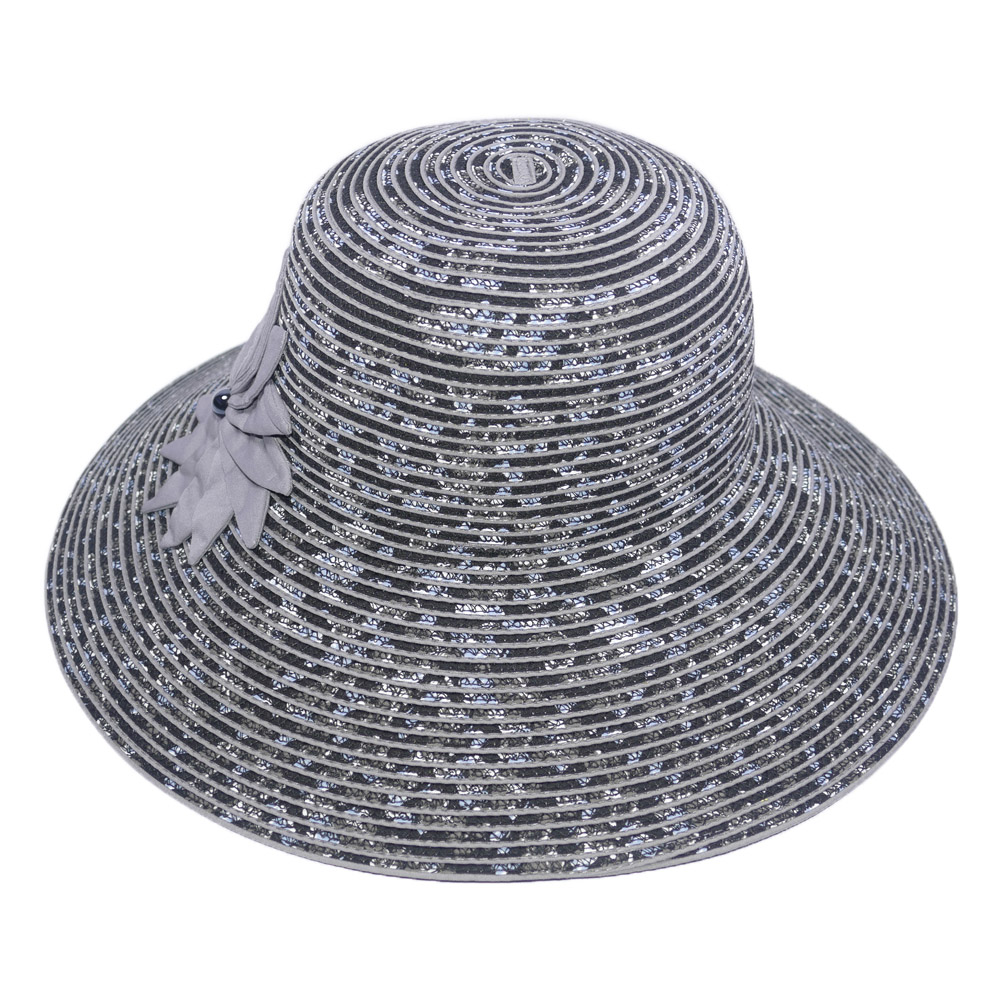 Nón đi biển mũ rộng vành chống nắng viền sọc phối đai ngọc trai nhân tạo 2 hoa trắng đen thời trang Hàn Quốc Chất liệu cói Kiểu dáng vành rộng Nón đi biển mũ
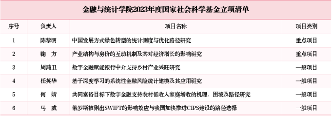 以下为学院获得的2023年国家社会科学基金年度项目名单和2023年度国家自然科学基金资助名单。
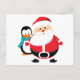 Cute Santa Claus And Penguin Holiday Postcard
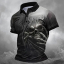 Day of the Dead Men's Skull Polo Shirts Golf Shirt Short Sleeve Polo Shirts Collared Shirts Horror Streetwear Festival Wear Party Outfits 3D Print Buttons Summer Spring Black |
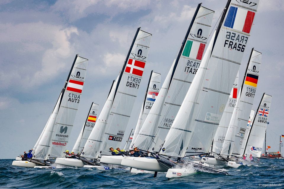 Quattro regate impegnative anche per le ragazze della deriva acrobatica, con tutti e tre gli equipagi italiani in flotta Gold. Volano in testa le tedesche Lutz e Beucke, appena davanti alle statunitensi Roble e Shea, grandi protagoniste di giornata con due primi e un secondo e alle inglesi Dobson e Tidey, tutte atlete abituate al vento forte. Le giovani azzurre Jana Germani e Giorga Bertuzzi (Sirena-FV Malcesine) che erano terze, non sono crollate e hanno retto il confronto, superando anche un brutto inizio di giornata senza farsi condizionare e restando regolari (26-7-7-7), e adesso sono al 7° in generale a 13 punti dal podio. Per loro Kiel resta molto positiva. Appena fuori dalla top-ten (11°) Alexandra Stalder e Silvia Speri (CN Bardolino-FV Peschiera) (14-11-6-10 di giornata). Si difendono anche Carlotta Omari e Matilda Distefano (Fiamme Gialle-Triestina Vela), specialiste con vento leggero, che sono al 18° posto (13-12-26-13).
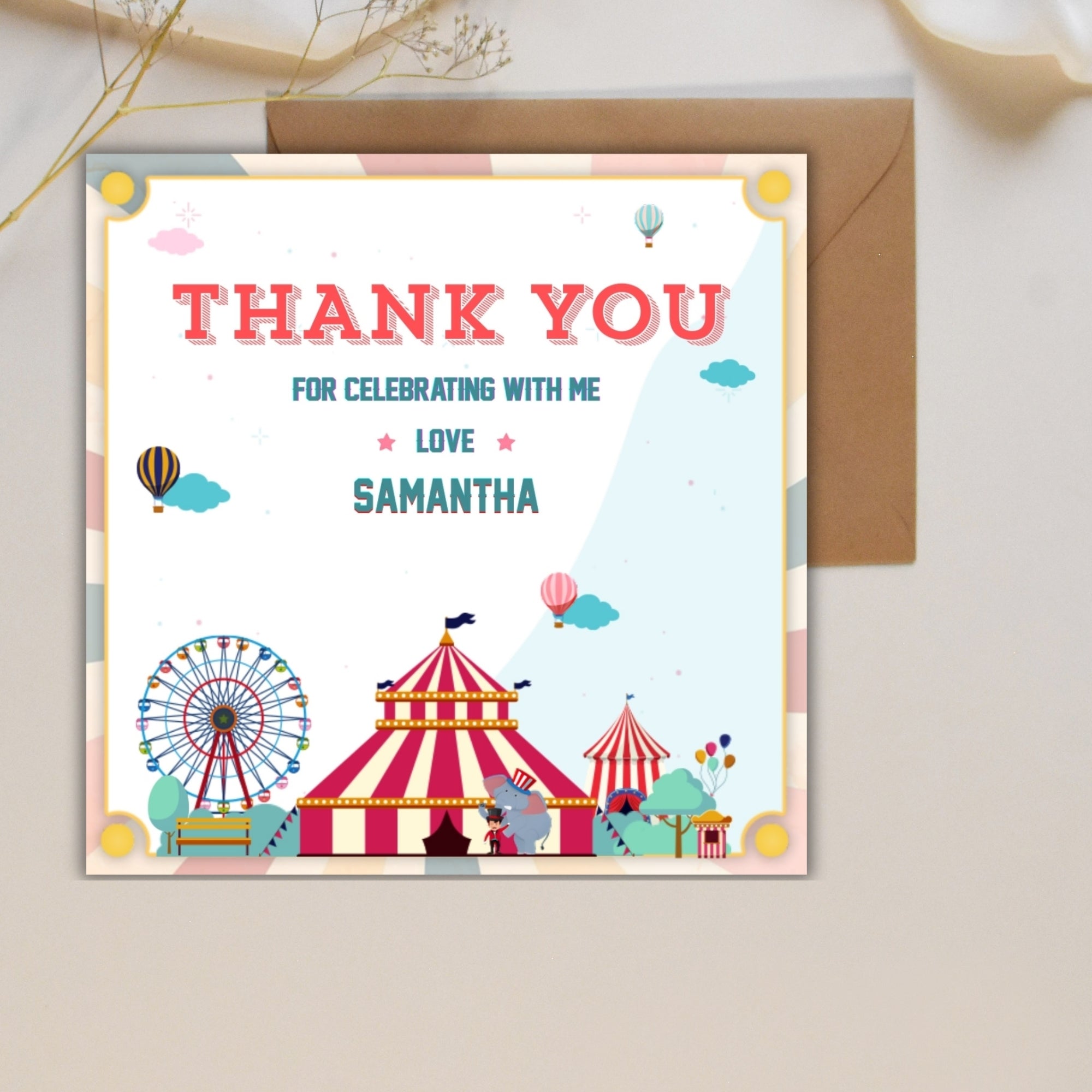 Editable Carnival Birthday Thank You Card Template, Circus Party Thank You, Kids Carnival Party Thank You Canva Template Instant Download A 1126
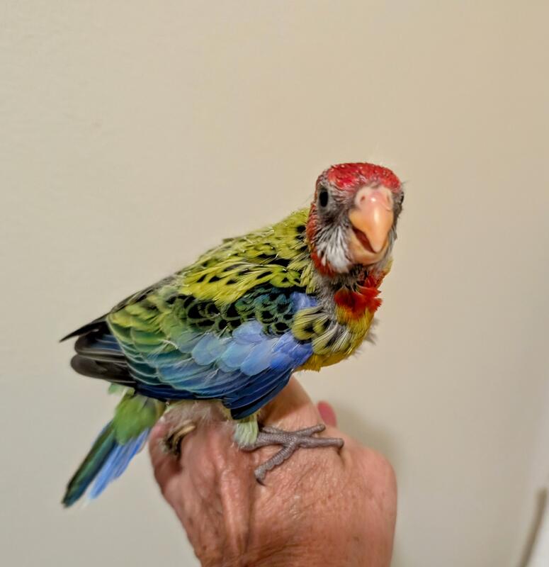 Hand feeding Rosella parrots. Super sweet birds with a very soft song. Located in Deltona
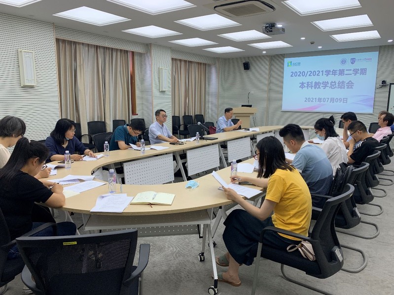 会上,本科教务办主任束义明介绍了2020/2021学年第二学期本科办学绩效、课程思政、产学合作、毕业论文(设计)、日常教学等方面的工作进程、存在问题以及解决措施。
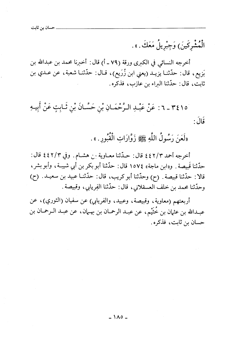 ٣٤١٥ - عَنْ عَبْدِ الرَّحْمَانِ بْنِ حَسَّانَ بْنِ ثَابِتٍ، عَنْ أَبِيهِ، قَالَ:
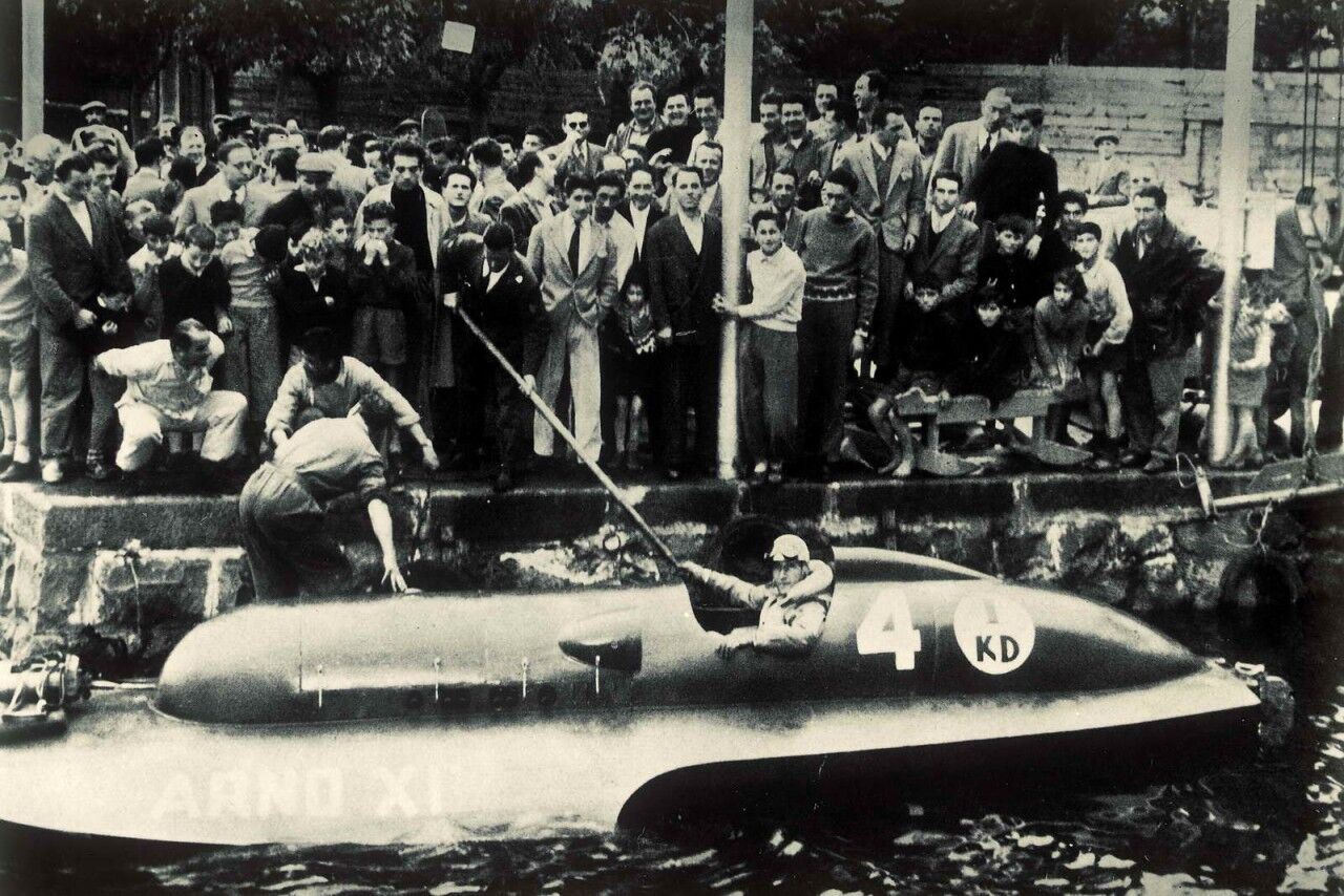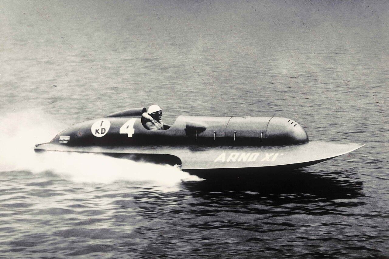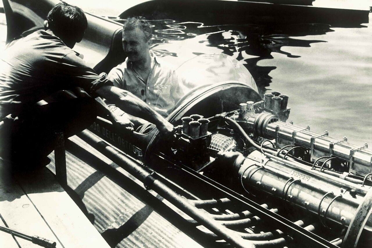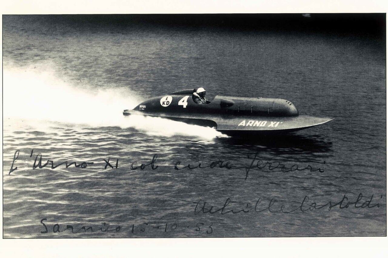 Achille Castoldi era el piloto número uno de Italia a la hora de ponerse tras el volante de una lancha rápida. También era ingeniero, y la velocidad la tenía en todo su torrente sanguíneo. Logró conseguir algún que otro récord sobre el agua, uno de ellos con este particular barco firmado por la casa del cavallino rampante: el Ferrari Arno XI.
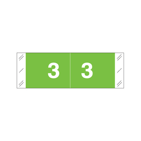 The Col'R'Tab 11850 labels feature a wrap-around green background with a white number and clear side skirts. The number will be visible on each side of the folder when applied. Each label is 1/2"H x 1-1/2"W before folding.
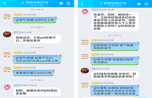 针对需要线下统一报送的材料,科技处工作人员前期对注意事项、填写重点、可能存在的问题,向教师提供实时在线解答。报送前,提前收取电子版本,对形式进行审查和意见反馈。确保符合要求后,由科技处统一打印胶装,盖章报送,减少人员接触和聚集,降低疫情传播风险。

= = = =

__What needs to be done__: With pictures left out, repeat exactly the lines from the one containing "Achille Castoldi era" through the last line of the data above, inclusive, and nothing else.

__Exercise response__:
 Achille Castoldi era el piloto número uno de Italia a la hora de ponerse tras el volante de una lancha rápida. También era ingeniero, y la velocidad la tenía en todo su torrente sanguíneo. Logró conseguir algún que otro récord sobre el agua, uno de ellos con este particular barco firmado por la casa del cavallino rampante: el Ferrari Arno XI.
 The Col'R'Tab 11850 labels feature a wrap-around green background with a white number and clear side skirts. The number will be visible on each side of the folder when applied. Each label is 1/2"H x 1-1/2"W before folding.
 针对需要线下统一报送的材料,科技处工作人员前期对注意事项、填写重点、可能存在的问题,向教师提供实时在线解答。报送前,提前收取电子版本,对形式进行审查和意见反馈。确保符合要求后,由科技处统一打印胶装,盖章报送,减少人员接触和聚集,降低疫情传播风险。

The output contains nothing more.